赤いスーツを身に纏い、ステージから客席へ前のめりになりながら全身全霊のライブをする名古屋のロックンロール暴れ馬ことビレッジマンズストア。
2018年8月22日にリリースされたアルバム「YOURS」がサブスクリプション配信開始したので聴いてみたのですが、前作に比べてさらに研ぎ澄まされている。
尖った曲はより鋭くなり、泣きの曲はより深みが増している。
ビレッジマンズストアの持ち味である骨太のロックサウンドに水野ギイから放たれる唯一無二のボイス。
正直、カリスマ性に溢れるこの声質は初めて聴いた時に衝撃を受けた。
その上でTwitterでのつぶやきは変人感満載。
ロックしてる人って頭のネジがあれなんだなと思わざるを得ない。
そんなビレッジマンズストアの「YOURS」は、再生時間たった35分のアルバムだがそんじょそこらのバンドと濃密度が違う。
トラップこの曲は2017年にシングルで発売されていたもの。
ビレッジマンズ節が炸裂の攻撃的で激しいロックナンバー。
とにかくギターがいい味を出してる。
至る所で飛び道具として入ってくるギターが荒々しさを増している。
そしてギターに負けぬ水野ギイの力強いボーカル。
あと、ビレッジマンズストアって歌詞が独特なんですよね。
単語の一つひとつが文学的であり、文章になれば攻撃的。
この点も夢中になってしまう要素の一つであると感じる。
兎にも角にも、この「トラップ」は、現在のビレッジマンズストアを1発で理解してもらえる、まさに象徴とも言える1曲である。

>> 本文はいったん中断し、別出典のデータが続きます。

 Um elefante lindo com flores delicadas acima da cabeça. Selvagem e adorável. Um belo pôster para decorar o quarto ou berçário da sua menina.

すれちがいのワンダー暴れるだけしか能がない訳ではなく、切ない曲も心にグッとくるメロディと歌詞。
誰かへ向けたさよならの曲なのだが、ただのバラードとは感じられない。
他の曲と比べれば優しい歌い方をしているが、そんな中でも裏に見え隠れするパワフルさが曲の良さを引き立てている。
楽器隊もそれなりに激しく演奏しているにも関わらず、一切その感じをさせない。
正しい夜明けアルバムを締めくくるラストのナンバー。
前作のアルバムタイトルをそのまま曲名に、さらに最後に持ってくるのも味がある。
こちらも大人しめなイントロから始まるが、Bメロから突如激しさを増す。
無味乾燥な仕事をこなしつつ、ステージ上ではその鬱憤を晴らすバンドマンを謳っているように感じるこの曲。
冒頭の歌詞で
簡単だよ 今日の仕事は
バグを数えて紙に線を引く
「ああどうして縦と横でしか描かれない」
と斜に構えちゃうんだな
とあるように数を数える際に使われる「正」の字が、タイトルである「正しい」と掛かっている。

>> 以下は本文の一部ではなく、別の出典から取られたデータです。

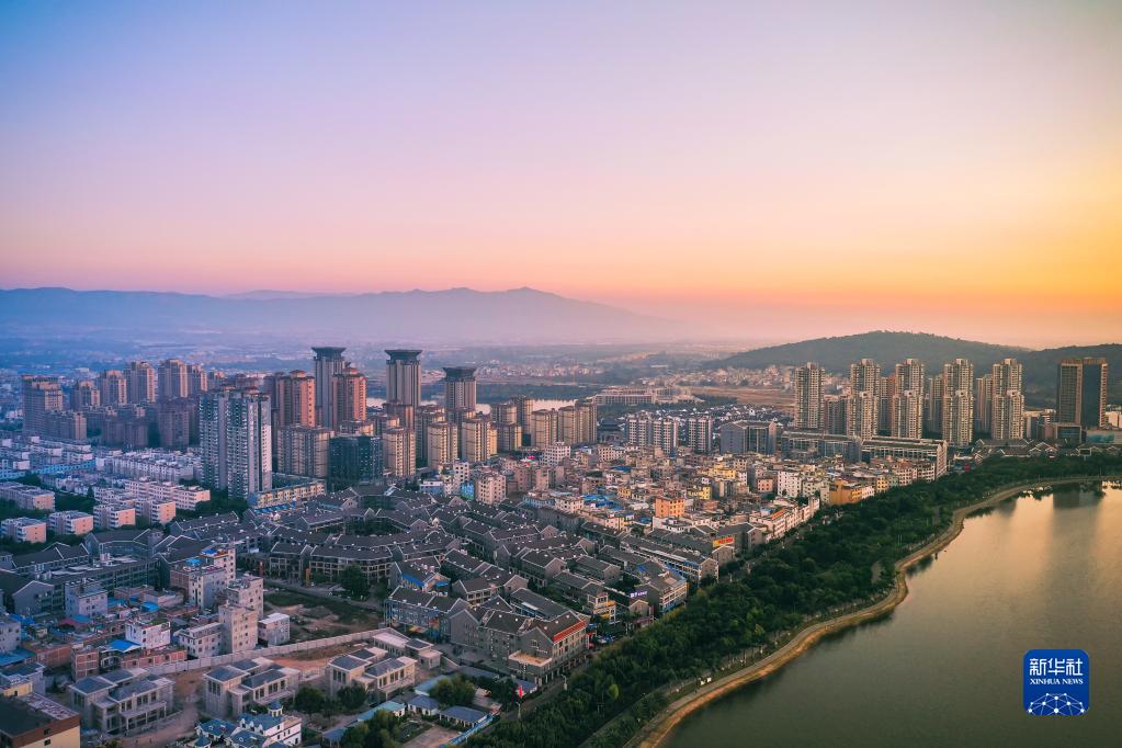 這是云南省彌勒市市區一景(無(wú)人機照片,2018年11月29日攝)。

この曲は「夜明け方の正解」という意味ではなく、黙々とバグを数えながら「正」を書き続けることで明ける夜をこの曲では歌っている。
あとは水野ギイのイケメン度。
こんなに歌が上手くてロックで暴れまくってるのに、甘いマスクのイケメンとかギャップが大きすぎて困惑する。
それでいてTwitterではパンチの効いた発言するもんだから非の打ち所がない。
人生やり直せるなら水野ギイとして生まれ変わりたいです神様。
正直、昔は赤いスーツを着たイロモノバンドだと思っていた自分が恥ずかしい。
こんなにロックなバンドはそうそう存在しない。
今作の良さを語ったが、過去作もライブでは外せない曲が目白押しの良作である。
着実にその人気を全国へと広げ、これから目が離せないバンドの1つであることは間違いない。